Prostate cancer grows and spreads via the androgen receptor (AR) pathway. In the beginning of treatment, most men with prostate cancer respond to androgen deprivation therapy (ADT) which cuts off this pathway. Unfortunately, the tumors are smart and evolve to create work-arounds. As a result, most men become resistant to this treatment. We call this later, more evolved form of prostate cancer, castration-resistant prostate cancer (CRPC), as it is molecularly different from the initial tumor.
Taxane chemotherapies – docetaxel and cabazitazel– are the only treatments to demonstrate a survival benefit in men with CRPC. At Weill Cornell Medicine and NewYork-Presbyterian, we have shown that the mechanism of docetaxel taxane action in prostate cancer is inhibiting the androgen receptor pathway on the cellular level by preventing the cancer cells from being able to communicate with other cancer cells using microtubules. Dr. Scott Tagawa explains our prior research in the below video. This suggests that docetaxel may complement other therapies that target the AR pathway, including hormonal-based therapies such as ADT.
Recent trials of docetaxel plus ADT validated our scientific findings, demonstrating very impressively significant improvement in survival in men with metastatic prostate cancer who had not previously received hormonal therapy (also known as hormone-naïve metastatic prostate cancer). Taken together, these studies in both hormone-naïve and CRPC suggest that combining drugs that independently target AR signaling (what the scientific literature refers to as forming a “vertical pathway blockade”) will be more effective than sequentially using these treatments to combat the spread of the cancer.

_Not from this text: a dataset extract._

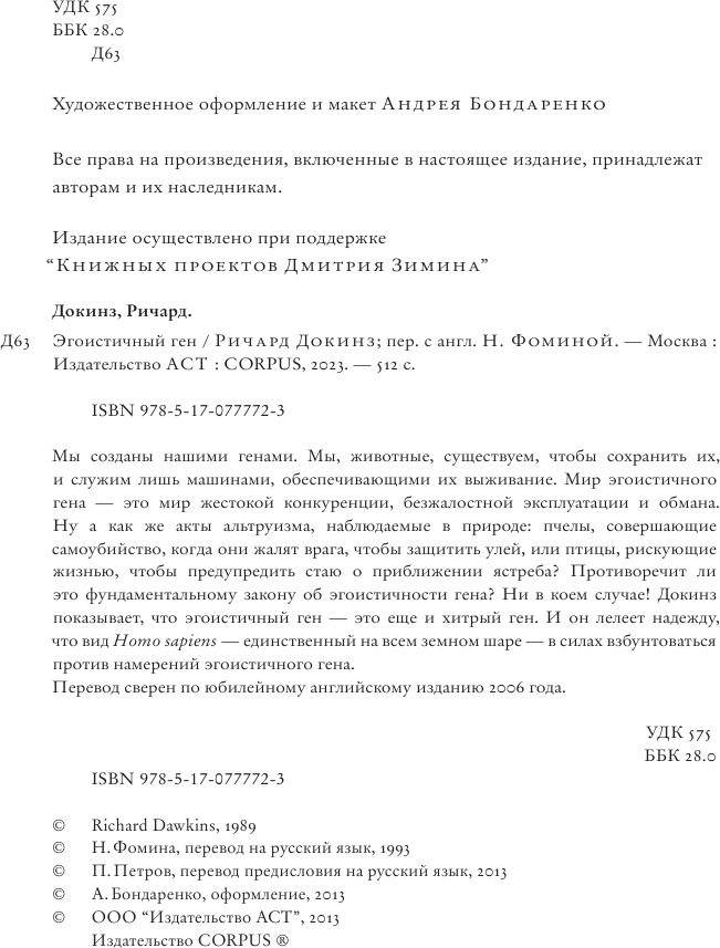 Книга: Эгоистичный ген (Ричард Докинз); Corpus (АСТ), 1989
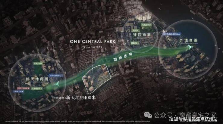 距离新天地直线距离约400米,作为蓝绿丝带规划上的关键节点,随着大新天地东进南拓战略逐步实施,通过水景、绿地和公共空间,串联新天地、豫园、外滩三大世界级商业版图。

Our recently-opened phase I study combines the approved 1st line taxane chemotherapy (docetaxel), approved potent inhibitor of testosterone production (the CYP17 inhibitor abiraterone) and a novel AR signaling inhibitor (apalutamide) in men with chemotherapy-naïve metastatic CRPC.
We hypothesize that combining these three agents that all target the same pathway using different mechanisms will result in a synergy that leads to improved cancer outcomes. We previously reported the safety and initial efficacy results of docetaxel plus abiraterone in a multicenter study. The combination was well tolerated and the preliminary efficacy results were promising, confirming the enthusiasm in the prostate cancer community to explore “early” chemotherapy combined with AR-targeted therapy for mCRPC.
As in all phase I clinical trials, there are two aims to this study. The first will provide safety and preliminary efficacy data on this combination treatment. Additionally, we will be performing molecular analysis of blood/tumor samples to identify biomarkers that are able to help predict which patients are most likely to respond to treatment, as well as to determine why some cancers become resistant to treatment. This would allow us to develop biomarker-driven clinical trials that have the potential to shift the treatment paradigm and improve outcomes for men with advanced PC.